INT8 vs FP16 results

eyalhir74 · October 28, 2020, 5:45am

Hi,
I’ve been using the method described in the article below in order to run our network in INT8 instead of FP16. The speedup is really cool, and the visual results (i.e. after I process the network and visualize whats needed) seems to be ok.
However when I start comparing the numerical results between the FP16 and INT8 networks, I see big differences. It seems that the ratio in the numbers is correct, i.e., if the FP16 results contain a sequence of the following numbers, starting from the Xth position: -1.5, 0.34, 0.51, 3.4, -1.7
I’d see a similar sequence in the INT8, but somewhat shifted/scaled/??? such as: -5.2, 0.56, 4.53, -5.1

Is that reasonable? What’s this difference?
Anyone can clarify what exactly happens when the dynamic ranges are set?

https://github.com/NVIDIA/TensorRT/tree/master/samples/opensource/sampleINT8API

thanks
Eyal

AastaLLL · October 28, 2020, 9:51am

Hi,

Calibration is required for the INT8 inference.
Have you generated the INT8 cache based on your model and device first?

Thanks.

eyalhir74 · October 28, 2020, 10:01am

Hi @AastaLLL,
This is what the example says:

One way to choose the dynamic range is to use the TensorRT INT8 calibrator. But if you don’t want to go that route (for example, let’s say you used quantization-aware training or you just want to use the min and max tensor values seen during training), you can skip the INT8 calibration and set custom per-network tensor dynamic ranges… Configuring the builder to use INT8 without the INT8 calibrator…

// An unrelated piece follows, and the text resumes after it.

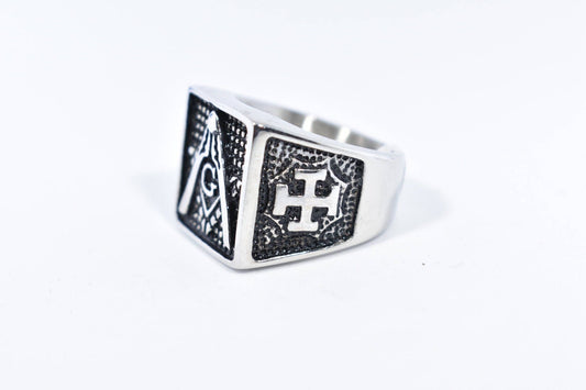 Vintage Gothic Stainless Steel Free Mason G Mens Ring

So I didn’t do a Those are the steps I did:

Take a couple of RGB input pictures
Get a histogram of the values of each layer output in FP16.
Take the min/max values that corresponds to ~99% of the possible output values and used those in the setDynamicRange call for each layer.

The .onnx file is the one used for FP16 - I didn’t touch or retrain it.

Maybe I misunderstood something in the process?

thanks
Eyal

AastaLLL · October 29, 2020, 4:27am

Hi,

The dynamic range is used by the quantization for converting the float value into the integer.

Please noted that the dynamic range for float32 (-3.4x10^38 ~ +3.4x10^38) is much larger than int8(-128 ~ +127).
So it’s important to select the correct dynamic range.

The default range is set based on some general classification model.
If your input data is different from the assumption, you can try the calibration to correct the quantization.

Here is a related talk for your reference:

Thanks.

eyalhir74 · October 29, 2020, 4:50am

Hi @AastaLLL,
Thanks for the prompt answer. I’m converting from FP16 still I realize the difference in the FP16 versus the INT8 range.
Based on analyzing each layer’s FP16 output, I believe I set the dynamic range in a reasonable way - usually -10 to +10 and in some layers -50 to +50. The results seems reasonable.

However there is a discrepancy in the whole network output value range.
I thought there might be something I neglected or did wrong…

I’ll check the talk you’ve specified.

thanks
Eyal